As the other answers have said, the best way to do this is with __file__ (demonstrated again below). However, there is an important caveat, which is that __file__ does NOT exist if you are running the module on its own (i.e. as __main__).

For example, say you have two files (both of which are on your PYTHONPATH):

#/path1/foo.py
import bar
print(bar.__file__)

and

#/path2/bar.py
import os
print(os.getcwd())
print(__file__)

Running foo.py will give the output:

/path1        # "import bar" causes the line "print(os.getcwd())" to run
/path2/bar.py # then "print(__file__)" runs
/path2/bar.py # then the import statement finishes and "print(bar.__file__)" runs

HOWEVER if you try to run bar.py on its own, you will get:

/path2                              # "print(os.getcwd())" still works fine
Traceback (most recent call last):  # but __file__ doesn't exist if bar.py is running as main
  File "/path2/bar.py", line 3, in <module>
    print(__file__)
NameError: name '__file__' is not defined 

Hope this helps. This caveat cost me a lot of time and confusion while testing the other solutions presented.

I will try tackling a few variations on this question as well:

1. finding the path of the called script
2. finding the path of the currently executing script
3. finding the directory of the called script

(Some of these questions have been asked on SO, but have been closed as duplicates and redirected here.)

Caveats of Using __file__

For a module that you have imported:

import something
something.__file__ 

will return the absolute path of the module. However, given the folowing script foo.py:

#foo.py
print '__file__', __file__

Calling it with ‘python foo.py’ Will return simply ‘foo.py’. If you add a shebang:

#!/usr/bin/python 
#foo.py
print '__file__', __file__

and call it using ./foo.py, it will return ‘./foo.py’. Calling it from a different directory, (eg put foo.py in directory bar), then calling either

python bar/foo.py

or adding a shebang and executing the file directly:

bar/foo.py

will return ‘bar/foo.py’ (the relative path).

Finding the directory

Now going from there to get the directory, os.path.dirname(__file__) can also be tricky. At least on my system, it returns an empty string if you call it from the same directory as the file. ex.

# foo.py
import os
print '__file__ is:', __file__
print 'os.path.dirname(__file__) is:', os.path.dirname(__file__)

will output:

__file__ is: foo.py
os.path.dirname(__file__) is: 

In other words, it returns an empty string, so this does not seem reliable if you want to use it for the current file (as opposed to the file of an imported module). To get around this, you can wrap it in a call to abspath:

# foo.py
import os
print 'os.path.abspath(__file__) is:', os.path.abspath(__file__)
print 'os.path.dirname(os.path.abspath(__file__)) is:', os.path.dirname(os.path.abspath(__file__))

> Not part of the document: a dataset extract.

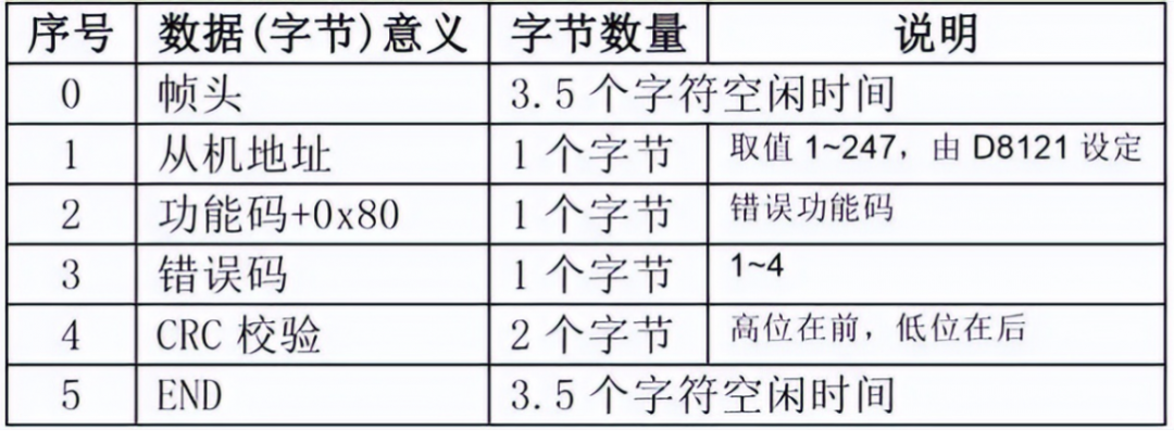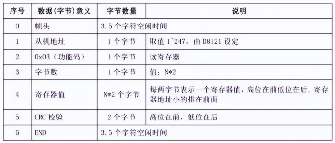 正常响应帧格式:从机地址+0x03+字节数+寄存器值+CRC 检验;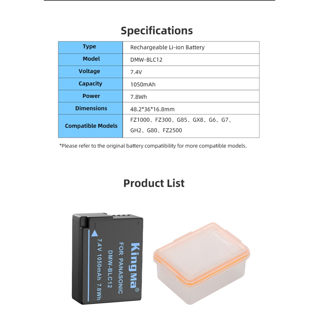 KingMa แบตเตอรี่ DMW-BLC12 กล้อง Pana Lumix DMC GX8 G95 G85 GH2 G6 BP-DC12 Leica Q Leica BP-DC12

which outputs something like:

os.path.abspath(__file__) is: /home/user/bar/foo.py
os.path.dirname(os.path.abspath(__file__)) is: /home/user/bar

Note that abspath() does NOT resolve symlinks. If you want to do this, use realpath() instead. For example, making a symlink file_import_testing_link pointing to file_import_testing.py, with the following content:

import os
print 'abspath(__file__)',os.path.abspath(__file__)
print 'realpath(__file__)',os.path.realpath(__file__)

executing will print absolute paths something like:

abspath(__file__) /home/user/file_test_link
realpath(__file__) /home/user/file_test.py

file_import_testing_link -> file_import_testing.py

Using inspect

@SummerBreeze mentions using the inspect module.

This seems to work well, and is quite concise, for imported modules:

import os
import inspect
print 'inspect.getfile(os) is:', inspect.getfile(os)

obediently returns the absolute path. However for finding the path of the currently executing script, I did not see a way to use it.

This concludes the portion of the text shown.